Дагдая повалили, на ноги ему уселся урядник, левую руку держит второй урядник, правую — Цоктоев. Бобровский взял пучок длинных розог, подровнял их.
Одни отвернулись, другие руками закрыли глаза, третьи замерли с открытыми ртами… Доржи вспомнил, как в прошлом году тайша бил одного парня тоже за недоимки. Тот плакал, кусал руки, поминал богов, кричал. А Дагдай сам снял халат. Бобровский размахнулся и ударил. Дагдай дернулся. Цоктоев едва не перевернулся. На спине Дагдая появились красные рубцы. Видно, все труднее и труднее было удерживать его. Он не стонал, не кричал, но все тело, каждая жилка сопротивлялась насилию.
Доржи заплакал. Как смеет Бобровский бить человека?.. Какую силу нужно иметь, чтобы не закричать, не застонать!
Бобровский отсчитал двадцать пять ударов и распорядился:
— Отпустите.
Посмотрел на Дагдая:
— Иди. Если завтра не принесешь три рубля, получишь еще пятнадцать розог. Понял?

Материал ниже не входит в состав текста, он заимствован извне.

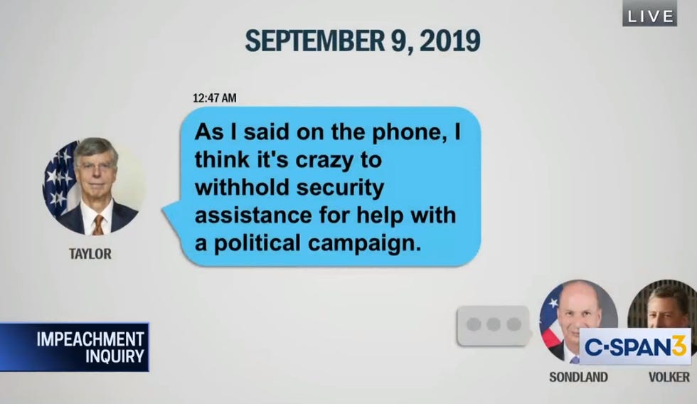 11: 44:Goldman shows text Taylor sent on September 9, where he says it would be "crazy" to withhold aid in order to extort Ukraine into doing investigations to help "a political campaign." Taylor clarifies that what Trump wanted was investigations into "the two Bidens."

Дагдай стал, кажется, меньше ростом, сгорбился. Холхой и Ухинхэн взяли его под руки, он оттолкнул их и нетвердо зашагал прочь.
Бобровский зашел в юрту, за ним Мархансай. Урядник подобрал разбросанные розги.
— Пригодятся еще.
Держась, как слепой, за юрту, Дагдай стал пробираться в тень. Кровь на спине запеклась. Сзади шла жена, веткой отгоняла мух.

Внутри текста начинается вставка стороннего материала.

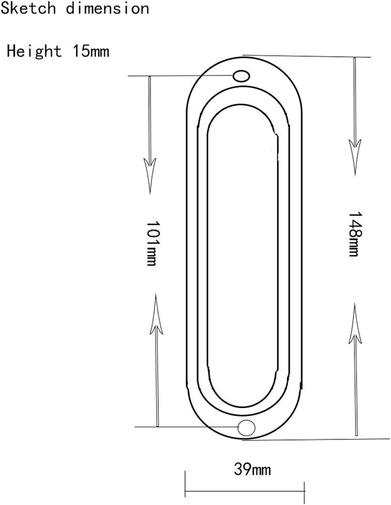 Size 148*39*15mm(L*W*H), Hole distance 101mm Made of zinc alloy.Package include screws Surface technolog:Polishing Plating Surface color:Nickel wire drawing,titanium,dark copper plating,antiqu brass plating,Black,chrome Be suitable for drawers closets,doors and windows etc Safety,reliable and good looking embedded door handle.
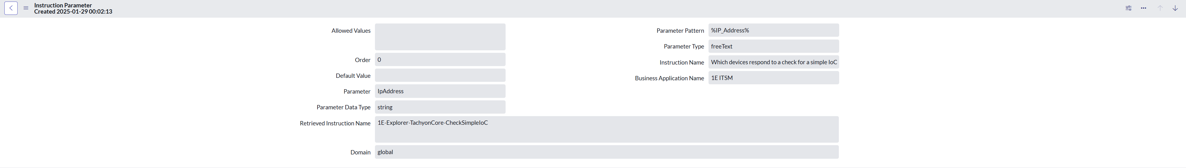 When you click the Parameter Type link on the Instruction Parameters table, the Instruction Parameter details page is displayed. All the details for the selected parameter are displayed on this page.

Ухинхэн с Холхоем разостлали в тени халат. Дагдай не может ни сидеть, ни стоять. Он бормочет что-то невнятное, закрывает глаза от солнца. А может быть, прячет их от стыда: ведь его перед всем улусом почти догола раздели…
— Воды! — попросил он и поднял лицо, вымазанное кровью, землей, слезами.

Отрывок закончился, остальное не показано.